Le souci d'atteindre ces objectifs nous amène à
axer notre étude autour de deux grandes parties :
La première partie intitulée les fondements
théoriques de la gestion et de l'exploitation des ressources naturelles
non renouvelables, sera consacrée au développement des
différentes approches relatives à l'utilisation optimale des
ressources naturelles épuisables et à l'étude d'une
ressource naturelle épuisable spécifique : le gaz naturel.
Dans la deuxième partie, il sera question de
présenter le secteur gazier en Côte d'Ivoire avant de
présenter puis développer un modèle d'exploitation
optimale durable du gaz naturel en Côte d'Ivoire.
LES FONDEMENTS
THEORIQUES DE LA GESTION
ET DE L'EXPLOITATION DES
RESSOURCES NATURELLES
NON RENOUVELABLES
PREMIERE PARTIE
CHAPITRE 1 :
REGULATION DE L'EXPLOITATION DES RESSOURCES NATURELLES ET EXPLOITATION
OPTIMALE DES RESSOURCES NATURELLES NON RENOUVELABLES
Dans ce chapitre, il s'agit de développer les
différentes approches relatives à l'utilisation optimale des
ressources naturelles non renouvelables. Bien avant, nous nous attelons
à rappeler brièvement certaines généralités
sur les ressources naturelles.
SECTION 1 : QUELQUES GENERALITES SUR
LES RESSOURCES NATURELLES ET LEUR UTILISATION.
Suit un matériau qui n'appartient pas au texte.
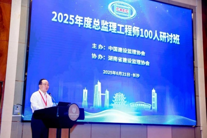 為全面貫徹落實黨的二十屆三中全會精神,助力實施人才強國戰略,加強總監理工程師隊伍建設,2025年6月21日,由中國建設監理協會主辦,湖南省建設監理協會協辦的“2025年度總監理工程師100人研討班(1期)”在湖南長沙成功舉辦。中國建設監理協會會長王早生,副會長兼秘書長、中國工程監理大師李明安,北京交通大學教授劉伊生,中國工程監理大師李偉、楊衛東、龔花強,湖南省建設監理協會常務副會長兼秘書長田英,湖南大學教授陳大川,浙江工程建設管理有限公司總工程師丁繼財,以及來自全國各地的工程監理企業總監理工程師100余人參加了本次研討班。

Les ressources naturelles n'ont véritablement
constitué une préoccupation pour les économistes que dans
ces trois dernières décennies. Pendant longtemps, les biens et
services de la nature étaient considérés comme
inépuisables nonobstant les problèmes de la disponibilité
des terres fertiles que soulevaient les classiques comme David Ricardo et
Malthus rapportés par Barde (1991). Il fallait attendre les
décennies 70, 80 et 90 pour voir émerger l'Economie des
ressources naturelles qui a pour champ d'intérêt les actifs
environnementaux, dorénavant reconnus comme rares par une large
communauté scientifique qui se reconnaît comme liée
à ce thème. Cette branche de la Science Economique s'affirme de
nos jours en tant que discipline à part entière avec ses
références théoriques, ses outils, ses supports de
publication propres3. Elle permet à l'agent économique
de gérer la nature de manière rationnelle pour ses besoins de
production et / ou de consommation.
Pour Njongang (2004), les ressources naturelles, en
première approximation, sont des moyens de production qui se trouvent
dans le milieu naturel et dont l'homme dispose pour son usage.
L'évolution fondamentale du statut des ressources naturelles,
considère ces ressources comme un don de la nature (Physiocrates), des
ressources rares : rareté physique (Malthus) et économique
(Ricardo), un patrimoine commun de l'humanité dont l'exploitation
abusive recèle une menace pour l'environnement et le bien-être des
générations présentes et futures (Rapport Brundtland
(1987), Conférences des Nations Unies sur l'Environnement et le
Développement à Rio en 1992)4.
3 On observe l'apparition d'un nombre croissant de
revues consacrées exclusivement à ce domaine.
4 Voir Njongang, C. (2004).
A. Typologie des ressources naturelles
Point (2004), classe les ressources naturelles en deux grands
groupes : classification selon les caractères biophysiques et selon le
type de relation entretenu avec les ressources.